- Head coach: Tanisha Wright
- Arena: Gateway Center Arena

Results
- Record: 15–25 (.375)
- Place: 4th (Eastern)
- Playoff finish: 8th seed; Lost in First Round 0–2 to New York

= 2024 Atlanta Dream season =

The 2024 Atlanta Dream season was the 17th season for the Atlanta Dream of the Women's National Basketball Association, and their third season under head coach Tanisha Wright.

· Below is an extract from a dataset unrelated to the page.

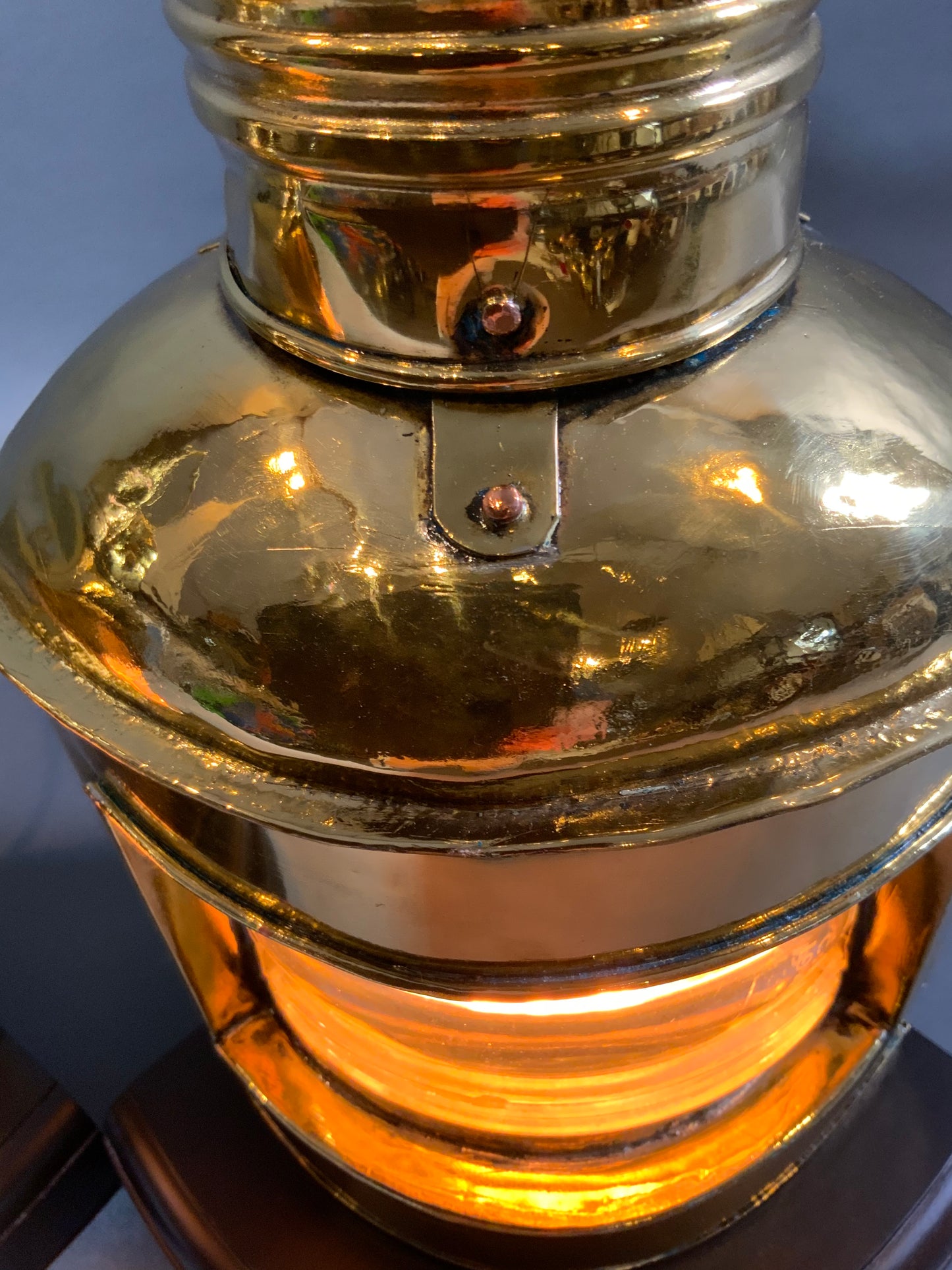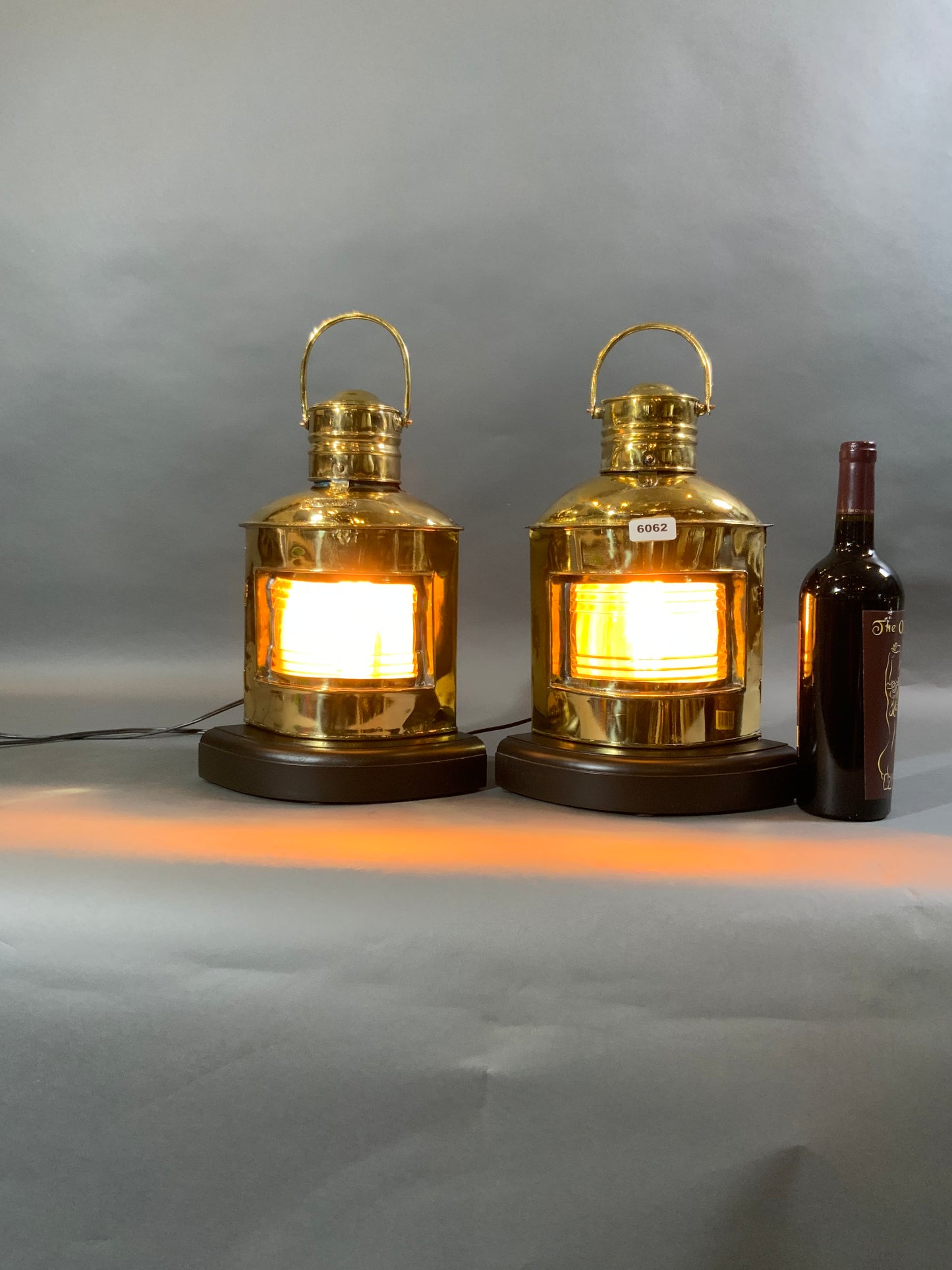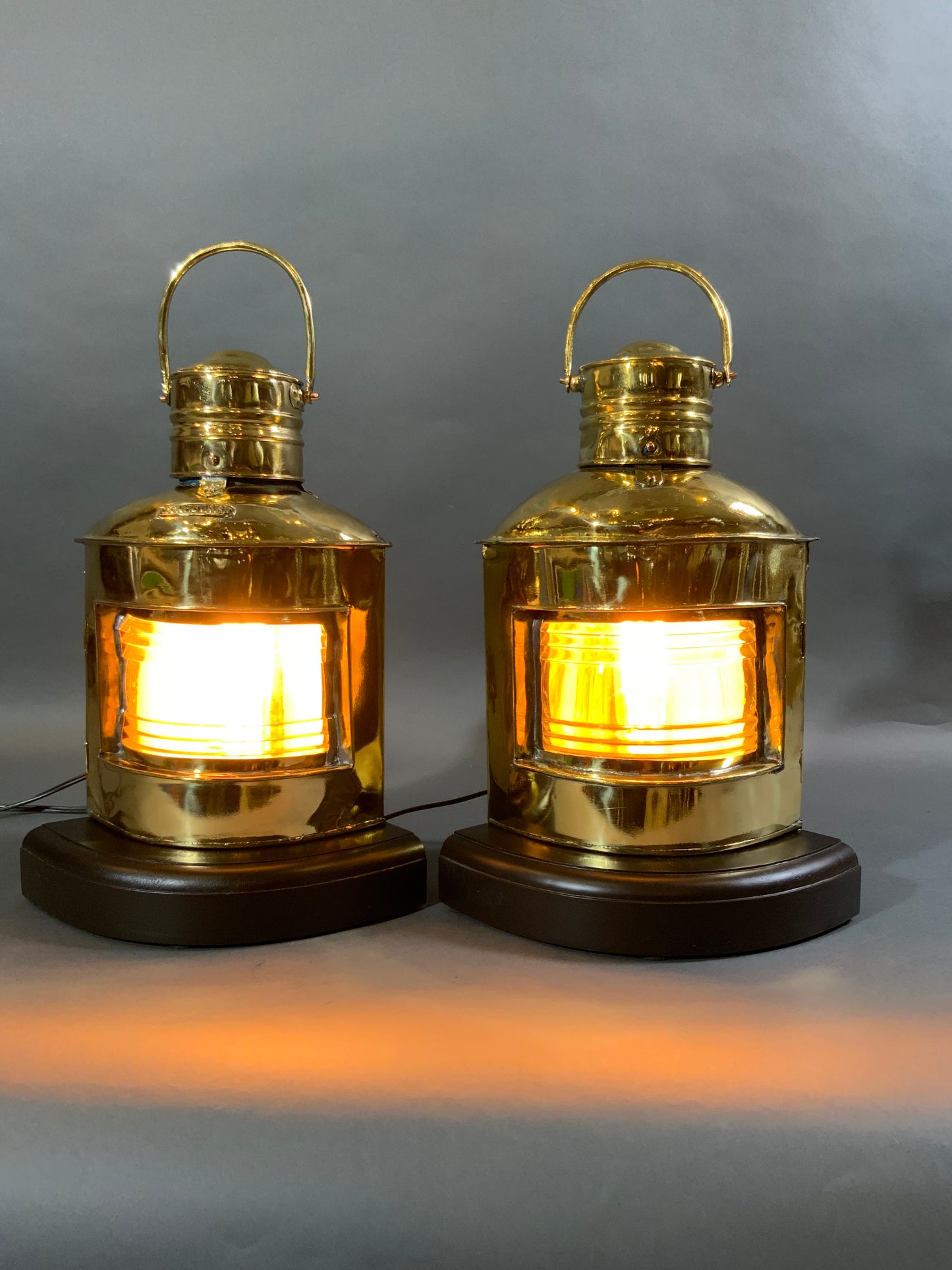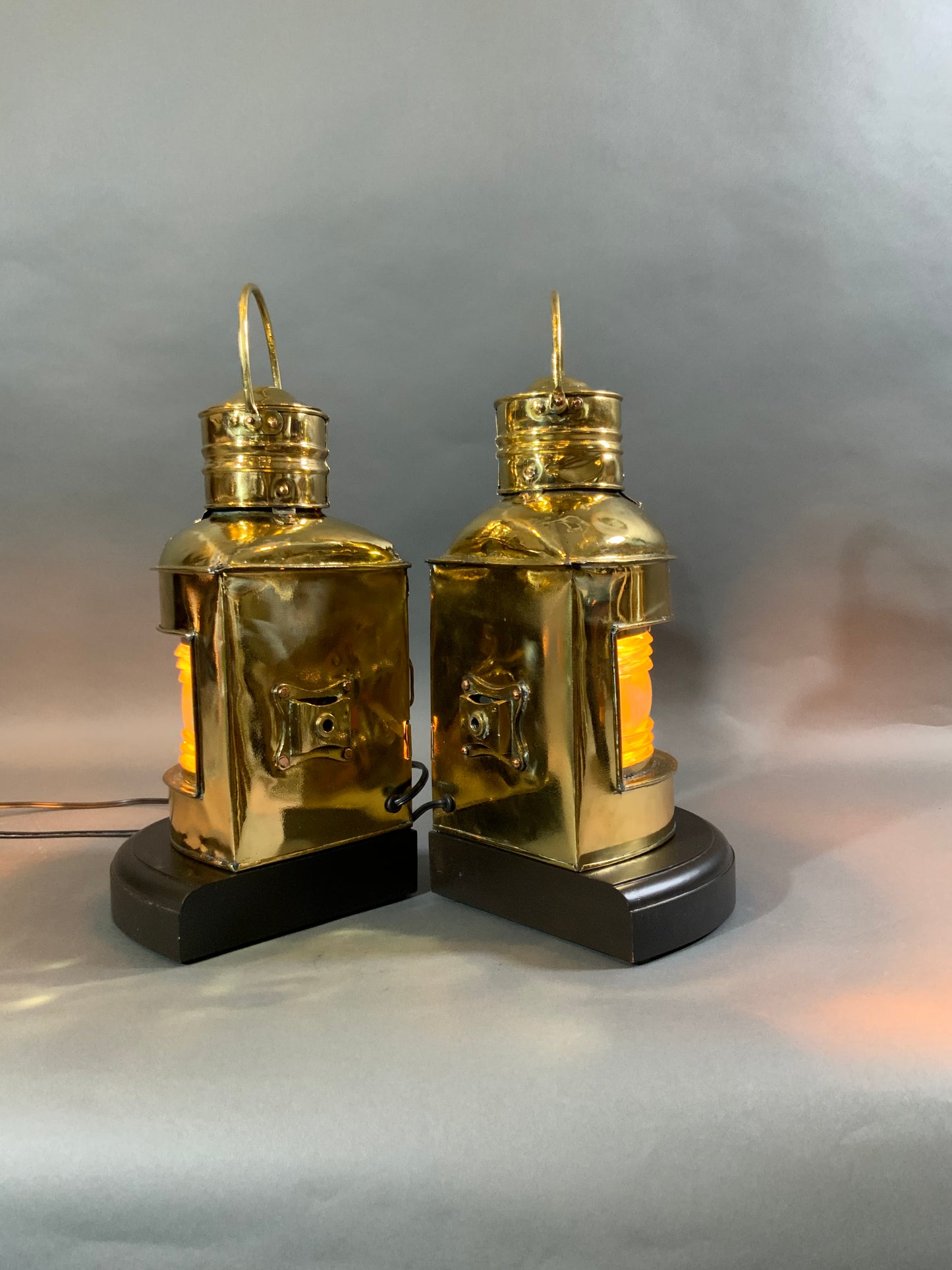 Highly polished and lacquered solid brass ships lantern with clear glass lenses. Lacking colored red and green filters. Mounted to thick mahogany bases. Wire with new sockets and cords.

The season tipped off on Wednesday, May 15, 2024, against the Los Angeles Sparks in Los Angeles. The Dream started the season on an up-and-down run as they went 2–2 in their first four games. They defeated Washington and Las Vegas to end May 4–2. Their winning streak did not extend into June as they lost four of their first five games in the month, with the lone win coming in Chicago. They defeated Los Angeles again and Connecticut as the only other two wins in the month to finish 3–8 in June. Seven of the eight losses in the month came by double digits. Rhyne Howard injured her ankle on June 21 and missed nine games. The Dream would only win one game during her absence, and went 0–7 in July prior to the Olympic Break. The losing streak featured a three point loss in Dallas as the closest game. The Dream returned healthier from the Olympic Break and won the first three games in August. However, they lost the next four games in August, with three of those losses coming by five points or less. They finished August 3–4 and in the hunt for the eighth and final playoff spot. The Dream won two of the first three games in September, including an overtime win against Dallas. They would go on to lose their next three games, including another overtime game against Indiana, and a three point loss to playoff rivals Washington. However, they followed that with three straight wins, including a win against Washington and their other playoff rival Chicago. The final game of the season was a win at New York, where the Dream clinched the eighth seed. They finished the regular season 15–25.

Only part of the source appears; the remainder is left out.